How do you read poll results?
The question for you today is not only about how you read poll results but also about what thought process you have when reading a poll. You might say, “Well, it’s simple. 76% of people love Windows and 24% of people love Mac. Windows must be superior. End of story.”
Is it really that simple? Sometimes it is, but most of the time it’s not.
Politico published an article yesterday titled Poll: Just 21 percent approve of House’s Obamacare repeal bill. What’s your first reaction?
- Yeah, it’s about right. Nothing new here.
- Something gotta be wrong with this.
- Not again. Please don’t use ridiculous numbers to draw people’s attention.
- Hmmm… interesting.
Whatever your reaction is, do you trust that number? If not, what would you do?
If you read the article, you will soon find out it’s merely a summary of a poll conducted by Quinnipiac University Poll. The article, however, only provides the information about the poll in the last paragraph, which is among the most relevant information I want to know when I read poll results. I don’t know why such information wasn’t in the first or second paragraph.

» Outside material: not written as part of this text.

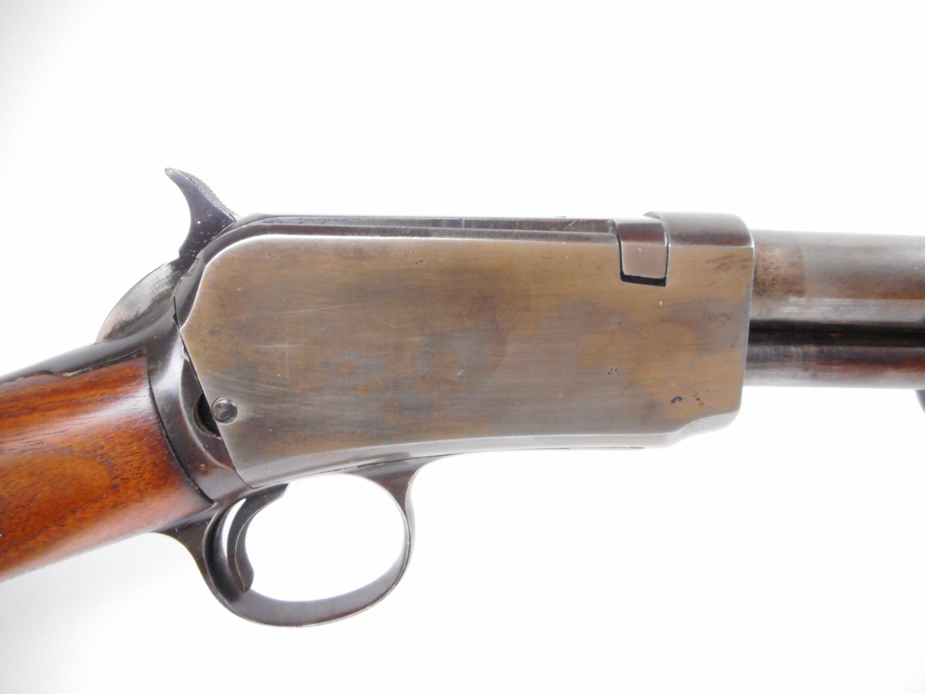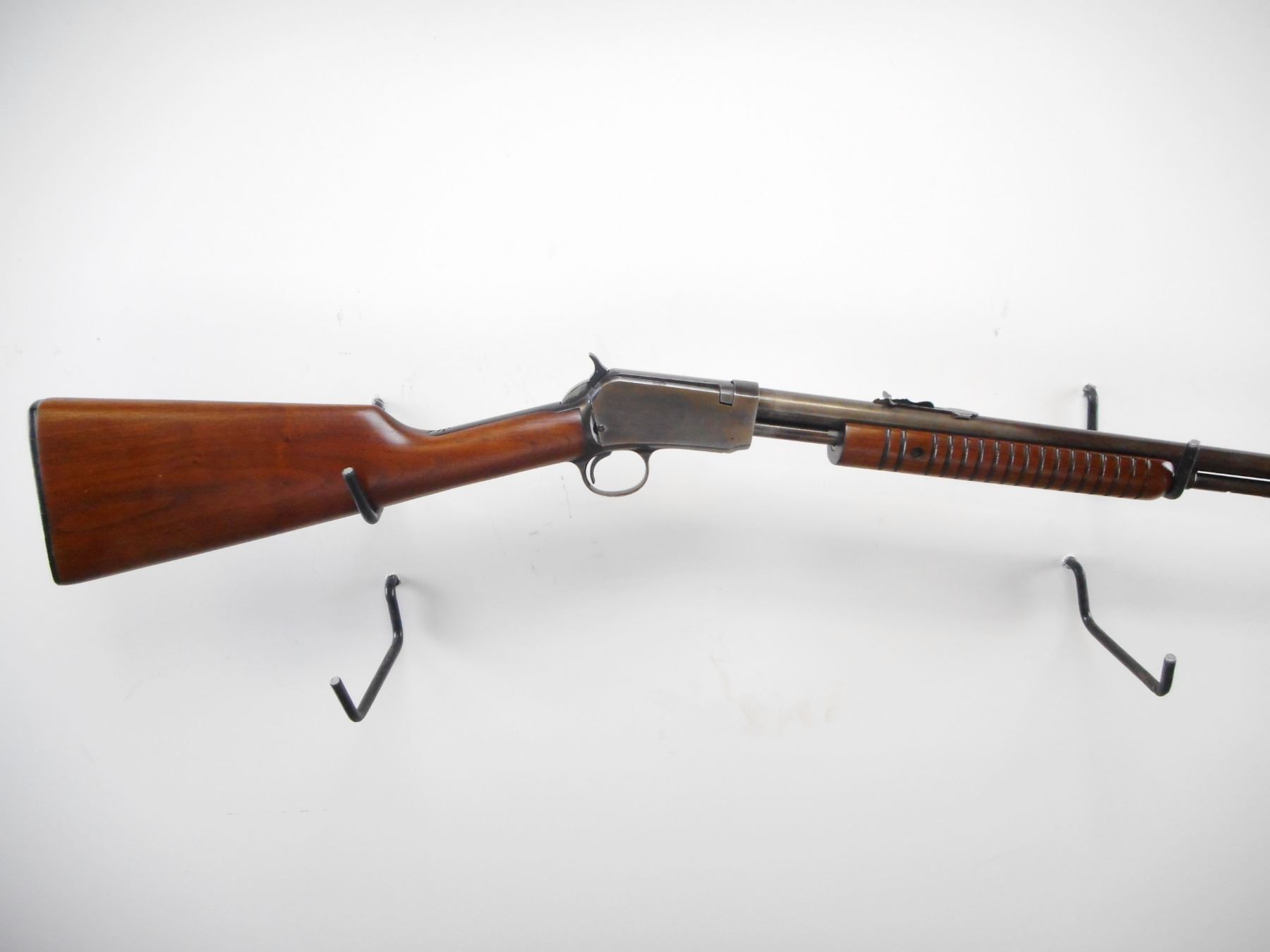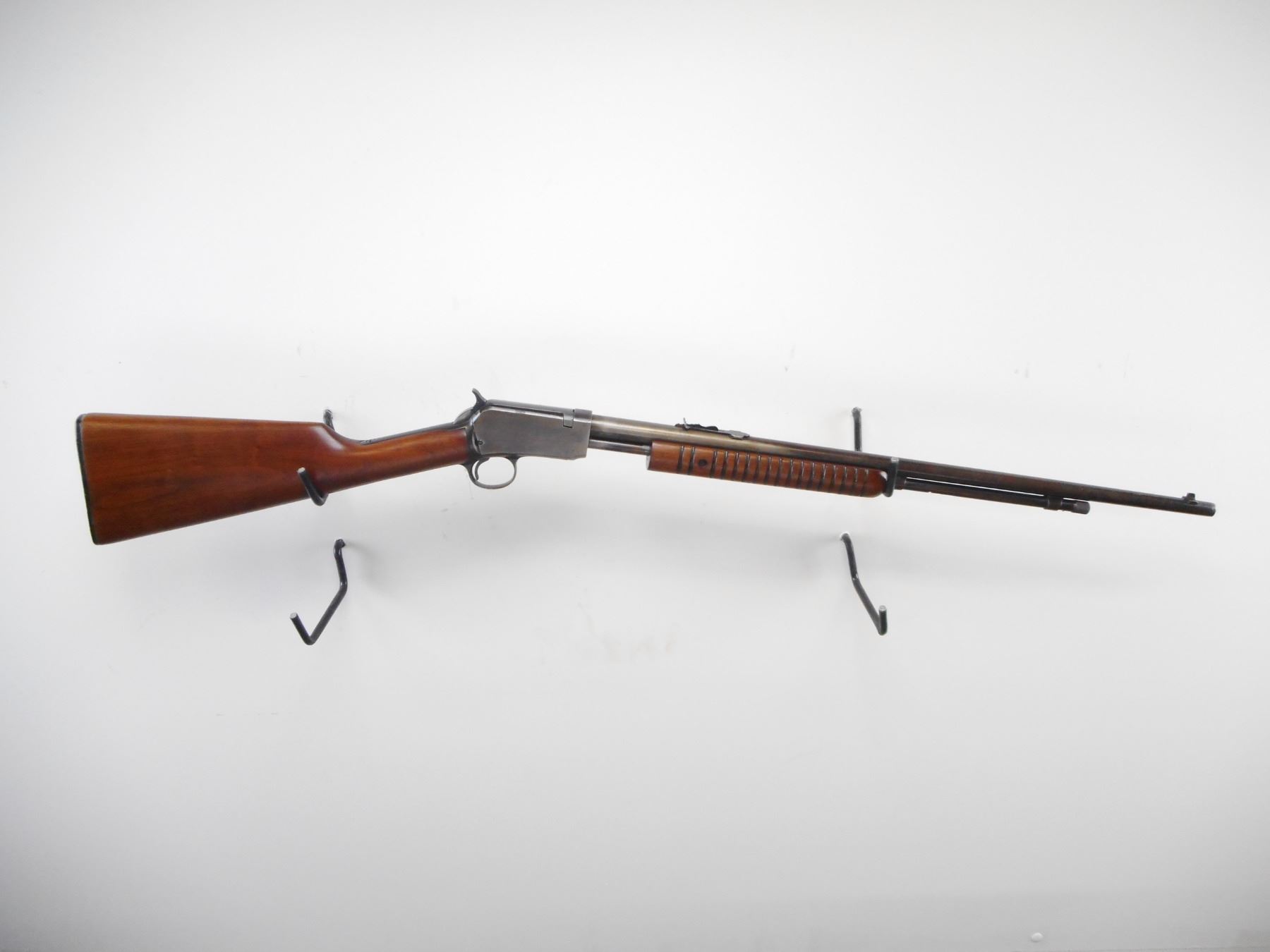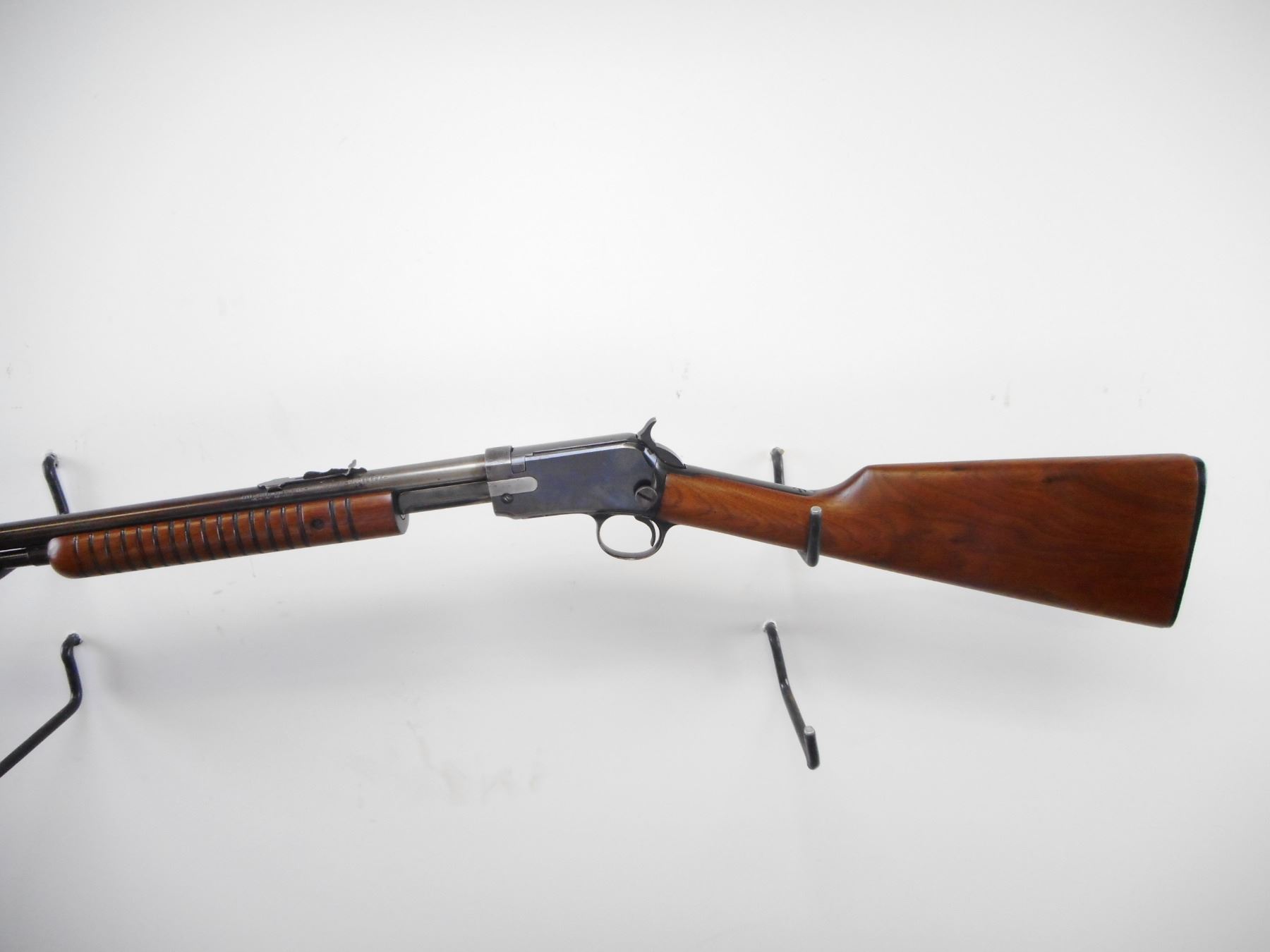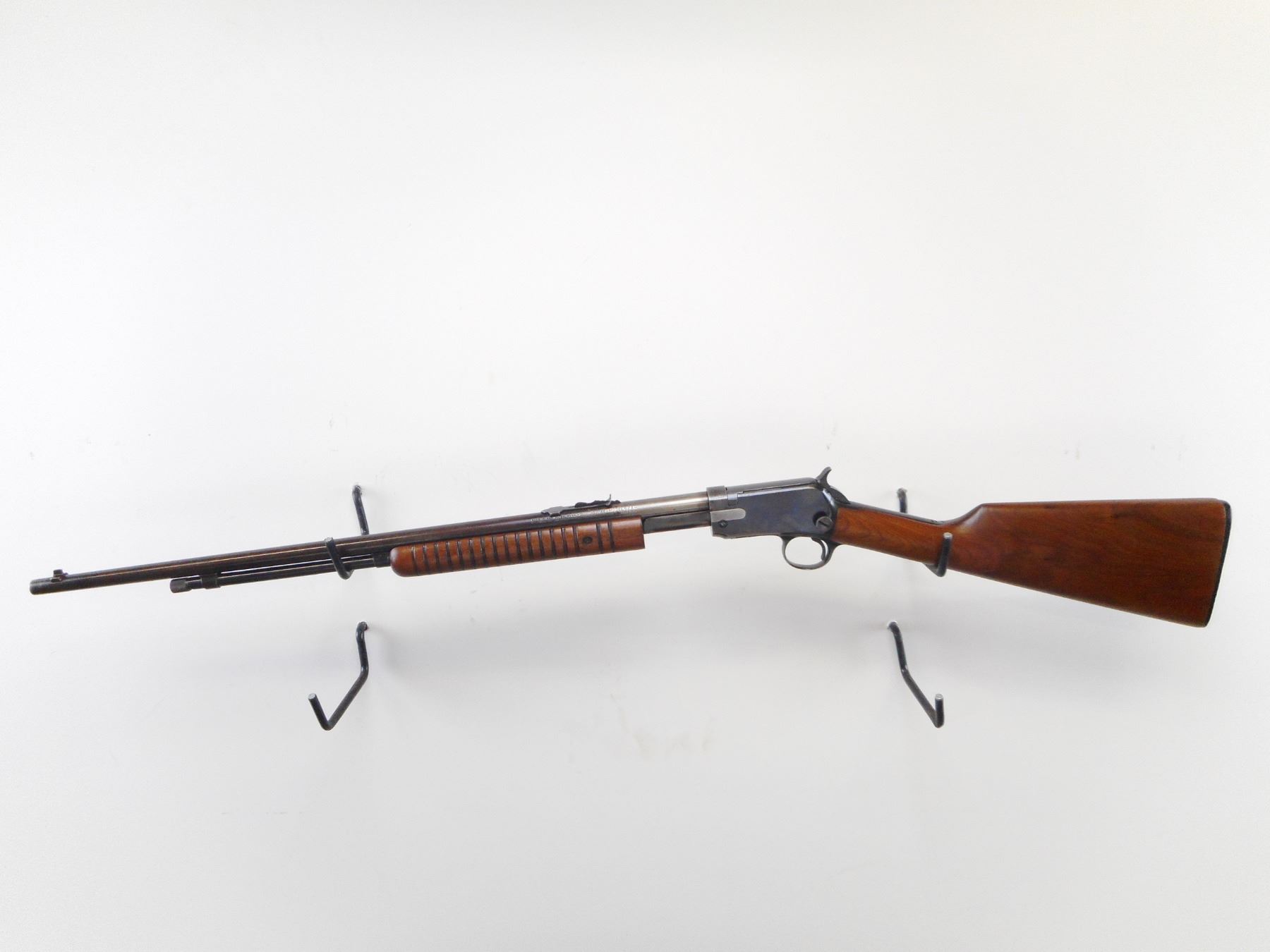 WINCHESTER , MODEL: 62A , CALIBER: 22 LR , BORE IS VERY GOOD. MFG'D 1954. BLADE FRONT SIGHT. ADJUSTABLE U NOTCH REAR SIGHT. GROOVED WOOD FOREND. SMOOTH STRAIGHT GRIP BUTT STOCK. CHECKERED BLACK POLYMER BUTT PLATE. BLUEING SHOWS FADING, TURNING BROWN. HANDLING MARKS. STOCK SHOWS HANDLING MARKS AND WEAR. , ACTION: PUMP ACTION RILFE , BARREL LENGTH: 23" , SERIAL # 311621 , CONDITION: 6/10 , CLASS: CANADIAN NON RESTRICTED CLASS

Anyway, after reading the article, I did some research. I already knew the sample size, 1,078 voters nationwide. I knew it’s conducted by Quinnipiac University Poll and found that they have been doing a great job according to FiveThirtyEight’s pollster rating.
In addition, that 21 percent approve rate of the Revised GOP Health Plan seemed to be their key finding because they put that conclusion in the title as well as in the first paragraph. But the associated question appeared quite late in the survey:
Question 60. There is a revised Republican health care plan to replace Obamacare, known as the American Health Care Act. Do you approve or disapprove of this revised Republican health care plan?
At this point, I was about 70% confident, non-statistical speaking, that the number is trustworthy. But I wanted to check one more thing – how or whether did they deal with sampling bias – because they did not mention the proportion of each sub-population in terms of party identification (Republican, Democrat, Independent) in the survey sample. Nor did they mention whether the proportions were comparable to those in the population.
According to Pew Research Center, 34% of registered voters identify as independents, 33% identify with the Democratic Party while 29% identify as Republicans in 2016. If the survey sample did not consist of similar proportions, then the sample may not be representative with regard to the population.
Of course, there is a statistical method to deal with this issue. The researchers at the Quinnipiac University not only described their sampling procedures but also addressed the sampling bias in their Sample and Methodology detail. Basically, the technique is to perform weighting adjustment by giving more weight to the under-represented population and less weight to the over-represented population.
Now I feel good about the poll results. It’s not a tactic to draw people’s attention. Next time when you read a poll, try to find answers to these questions:
- How large was the sample size?
- How were the samples collected?
- Was the sampling bias addressed?
- Who conducted the poll?
By answering these questions, you should be able to figure out if the results can be trusted.